Start of Block

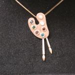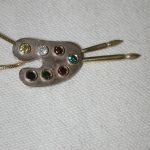 some history – When Malcolm was alive he collaborated with master jeweler Pietro Romano in Bellport and created a line of jewelry. An artist’s palette modeled after the palette used by Malcolm was also created in 18KT gold using colored diamonds. A pendant with matching earrings were crafted. In addition paintbrush earrings and pendant were also created based on Malcolm’s actual paintbrushes used. A hot air balloon brooch was created as well as bi-plane cufflinks.
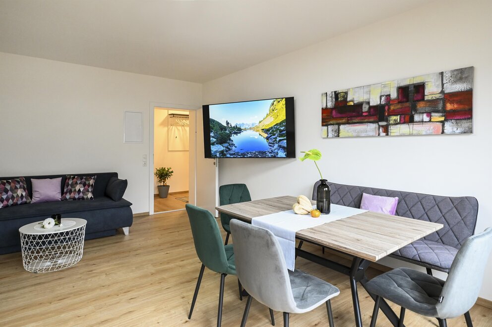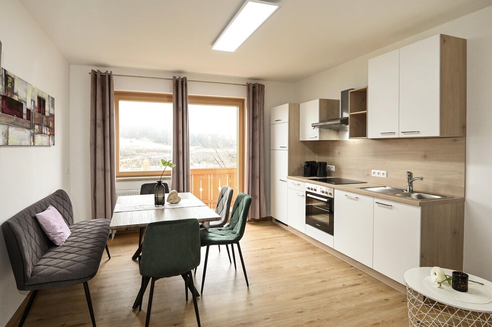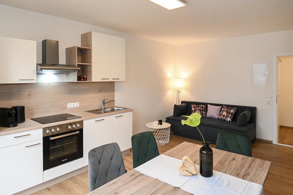 Fully equipped kitchen with living area, pull-out sofa bed, dining table and access to the balcony.
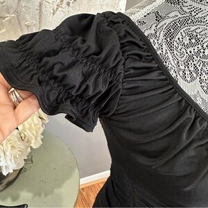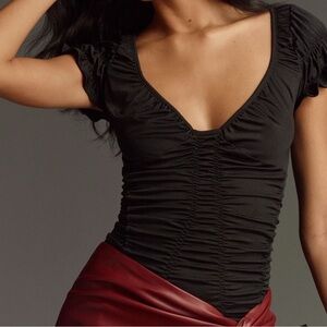 Anthropologie Black Ruched V-Neck Bodysuit Size Medium
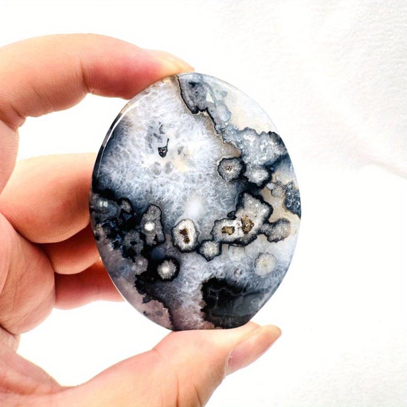 Enhance your home decor, jewelry making, and meditation practice with this polished flower agate heart and palm stone. The marbling in grey adds a touch of bohemian charm to your space.
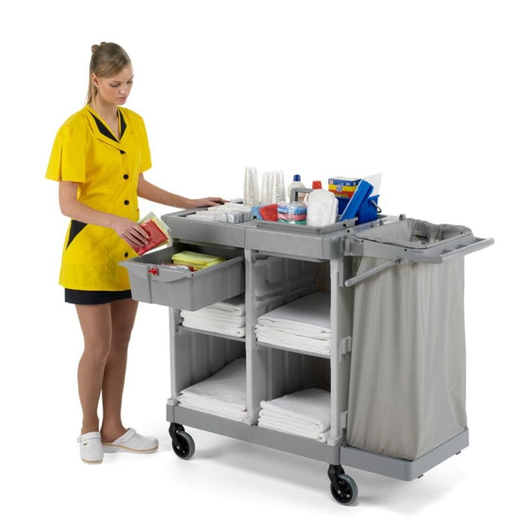 Przemyślana konstrukcja z pionowymi przegrodami pozwala oddzielić czystą bieliznę od brudnej, a składany uchwyt na worek i ergonomiczny drążek ułatwiają transport i przechowywanie wózka. Wózek najlepiej sprawdza się przy obsłudze 8–10 pokoi, zapewniając maksymalną wydajność i higienę pracy.
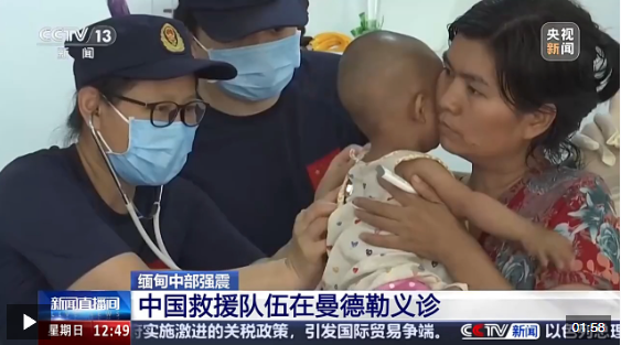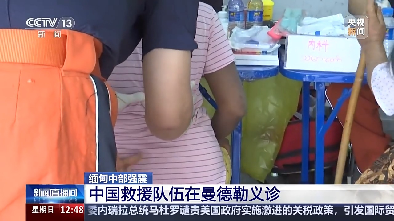 總臺(tái)央視記者 唐國榮:這里是緬甸曼德勒的多金堰地區(qū),來自中國救援隊(duì)、中國國際救援隊(duì)和中國香港救援隊(duì)的醫(yī)療隊(duì)員們,來到這里為緬甸地震中受災(zāi)的人員開展各種醫(yī)療救助服務(wù)。

End of Block

■ Exercise
Word for word, write out each line of the records, but leave the pictures behind.

■ Response
 some history – When Malcolm was alive he collaborated with master jeweler Pietro Romano in Bellport and created a line of jewelry. An artist’s palette modeled after the palette used by Malcolm was also created in 18KT gold using colored diamonds. A pendant with matching earrings were crafted. In addition paintbrush earrings and pendant were also created based on Malcolm’s actual paintbrushes used. A hot air balloon brooch was created as well as bi-plane cufflinks.
 Fully equipped kitchen with living area, pull-out sofa bed, dining table and access to the balcony.
 Anthropologie Black Ruched V-Neck Bodysuit Size Medium
 Enhance your home decor, jewelry making, and meditation practice with this polished flower agate heart and palm stone. The marbling in grey adds a touch of bohemian charm to your space.
 Przemyślana konstrukcja z pionowymi przegrodami pozwala oddzielić czystą bieliznę od brudnej, a składany uchwyt na worek i ergonomiczny drążek ułatwiają transport i przechowywanie wózka. Wózek najlepiej sprawdza się przy obsłudze 8–10 pokoi, zapewniając maksymalną wydajność i higienę pracy.
 總臺(tái)央視記者 唐國榮:這里是緬甸曼德勒的多金堰地區(qū),來自中國救援隊(duì)、中國國際救援隊(duì)和中國香港救援隊(duì)的醫(yī)療隊(duì)員們,來到這里為緬甸地震中受災(zāi)的人員開展各種醫(yī)療救助服務(wù)。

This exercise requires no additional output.